Hollow avoids using POJOs as an in-memory representation — instead replaces them with compact, fixed-length, strongly typed data encryption. Such encryption is intended both to minimize the amount of dynamic memory of data sets, and to reduce the fraction of the cost associated with the CPU, while providing access to data in real time. All encrypted entries are packed into reusable memory blocks, which are located in the JVM heap to prevent an impact on the operation of automatic memory management on working servers.
Example of location in the memory of OBJECT recordsHollow data sets are self-contained - for a serialized blob, in order for the blob to be used by the framework, maintenance is not required from the code specific to the use case. Additionally, Hollow is designed
with backward compatibility , so deployment can occur less frequently.
"The ability to build powerful access systems , regardless of whether they were originally intended to develop a data model."
Since Hollow is completely built on RAM, the toolkit can be implemented provided that random access across the entire width of the data set can be performed without leaving the Java heap. A lot of
off-the-shelf tools are part of Hollow, and building your own tools thanks to the basic building blocks provided by the library is simple.
The basis for using Hollow is the concept of
indexing data in
various ways . This provides O (1) -access to the corresponding records in the data, which makes it possible to build powerful access systems regardless of whether they were originally intended for the development of the data model.
Benefits
The Hollow toolkit is easy to install and has intuitive controls. You will be able to understand in your data some aspects of which you did not even suspect.

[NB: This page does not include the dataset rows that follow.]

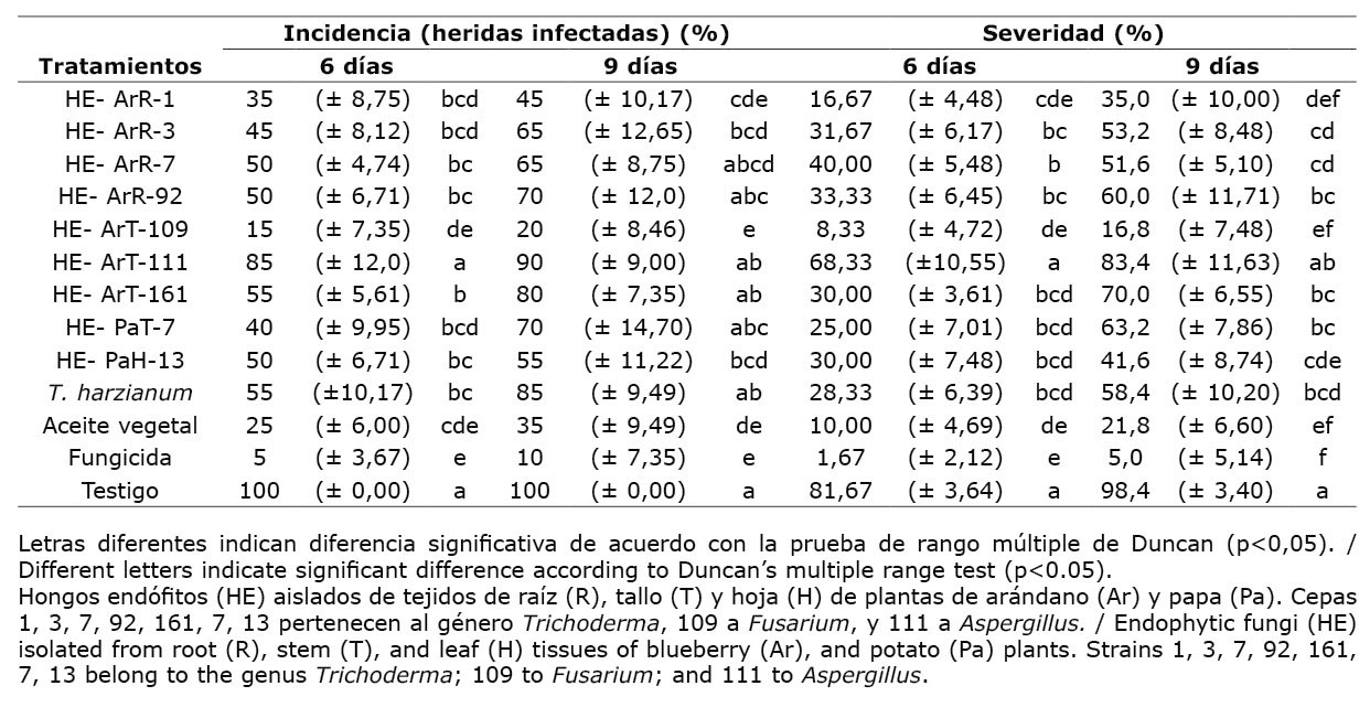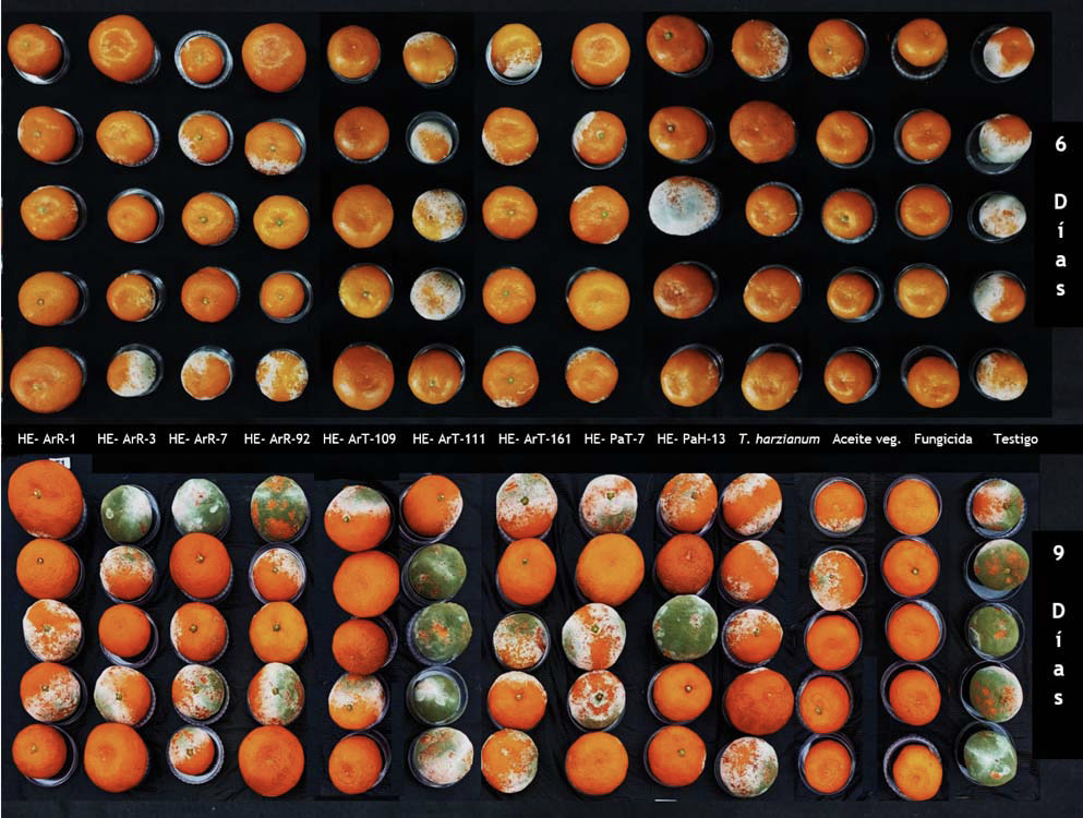 Los metabolitos secundarios de las cepas de hongos endófitos del género Aspergillus (HE-ArT-111) y Fusarium (HE-ArT-109), inhibieron el crecimiento micelial de Penicillium digitatum en un 95,05 y 87,51 %, respetivamente. La cepa HE-ArT-109 redujo el desarrollo del moho verde en frutos de mandarina en un 80 %, a los nueve días de almacenamiento.
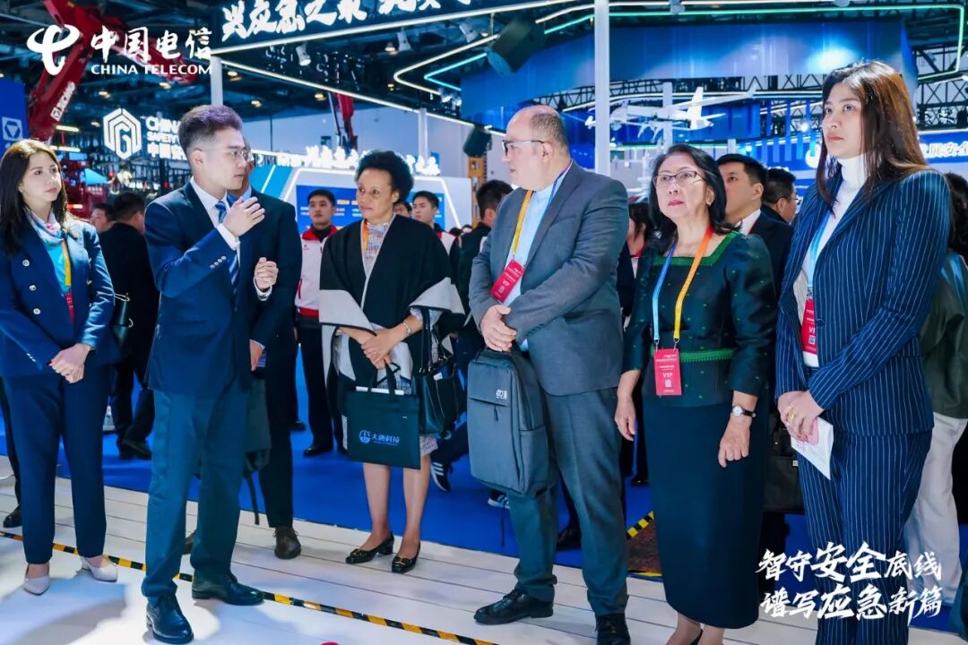 现场工作人员为“一带一路”沿线多国驻华使节讲解了中国电信积极贯彻国家应急战略,在应急指挥调度、卫星通信和人工智能大模型等方面做出的发展建设,助力应急管理智能化高质量发展,推进防灾减灾救灾国际交流合作,践行央企担当。
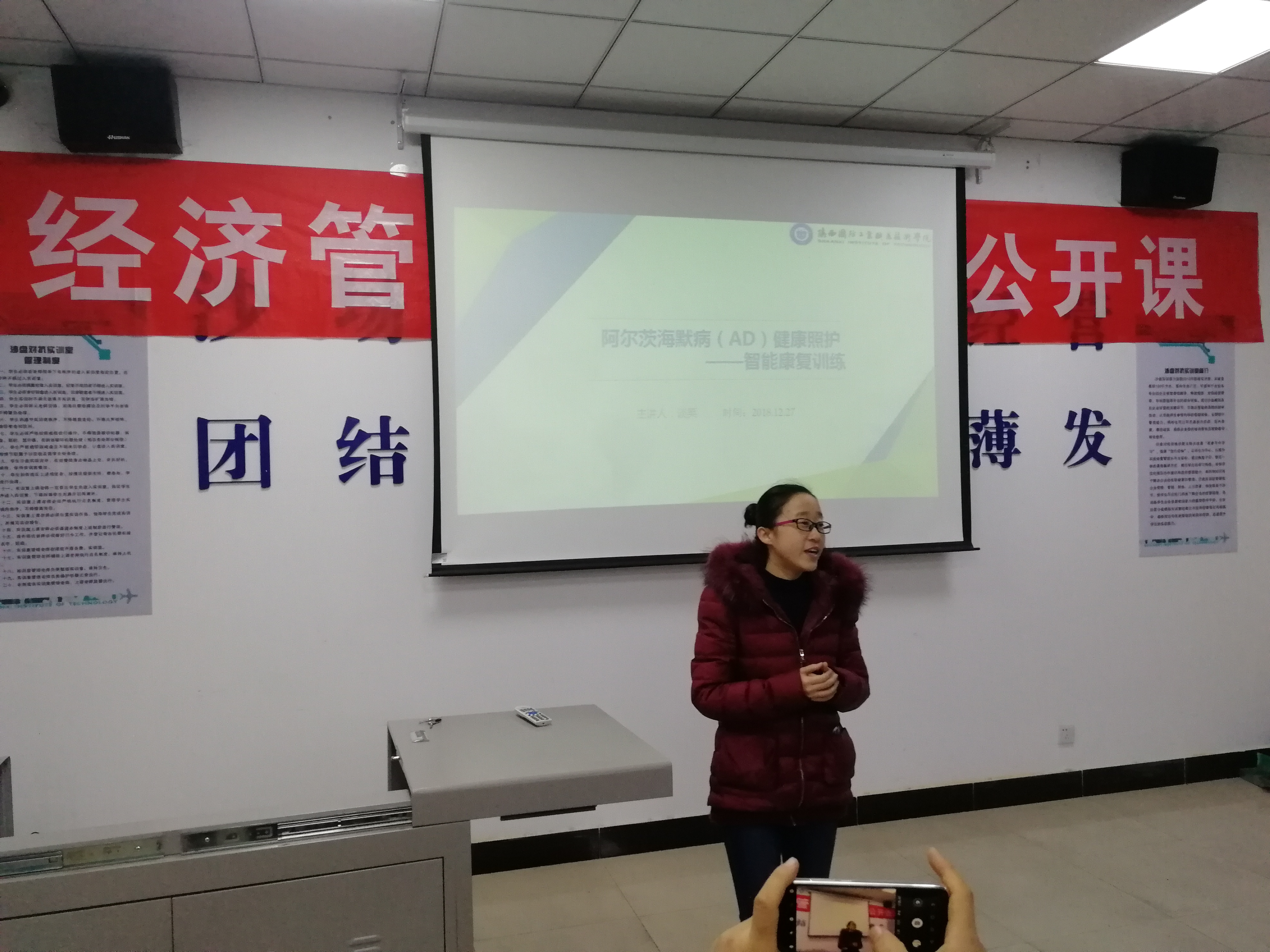 为深入学习贯彻习近平新时代中国特色社会主义思想和党的十九大精神,推进“两学一做”学习教育常态化、制度化,经济管理学院在北配楼5-604举办了一堂党员公开课教研活动,主讲教师是谈笑老师,内容为《阿尔茨海默病的健康照护》;开展了党员教师公开课观摩研讨活动,营造以党建工作促进学校教育教学工作的氛围,发挥党员教师的先锋模范作用。杨聪副院长出席会议,并对老师们提出了殷切的希望。

The change tracking tool allows you to track the change of certain records in time.Hollow can enhance your capabilities. If something in a record seems to be wrong, you can find out exactly what happened and when, using a simple query in the change tracking tool. If an accident occurs and an improper data set is accidentally released, then your data set can be
rolled back to the one before the error, fixing production problems on their paths. Since the transition between states occurs quickly, this action can produce results on the entire fleet of vehicles in a few seconds.
“If your data resides permanently in Hollow, then many possibilities appear.”
Hollow proved to be an extremely useful tool on Netflix - we saw a ubiquitous decrease in server startup times and a decrease in the amount of dynamic memory occupied with constantly increasing demand for metadata. Thanks to targeted data modeling efforts, carried out according to the results of detailed
analysis of dynamic memory usage , which became possible with the advent of Hollow, we will be able to further improve performance.
In addition to the performance gain, we see a huge performance increase related to the distribution of our catalog data. This is due in part to the tools that Hollow has, and in part to the architecture that would have been impossible without it.
Conclusion
Wherever we see a problem, we see that it can be solved with Hollow. Today, Hollow is available for worldwide use.
Hollow is not designed to work with data sets of any size. If there is a lot of data, then saving the entire set of data in memory is not possible. However, with proper structure and some data modeling, this threshold can be much higher than you think.
Documentation is available at
http://hollow.how , and the code is on
GitHub . We recommend that you refer to the
quick start guide - it only takes a few minutes to view the demo and see the work, and it takes about an hour to become familiar with the full industrial implementation of Hollow. After that, you can connect your data model and - go ahead.
If you started working, you can get help directly from us or from other users via
Gitter or Stack Overflow, by placing the label “hollow”.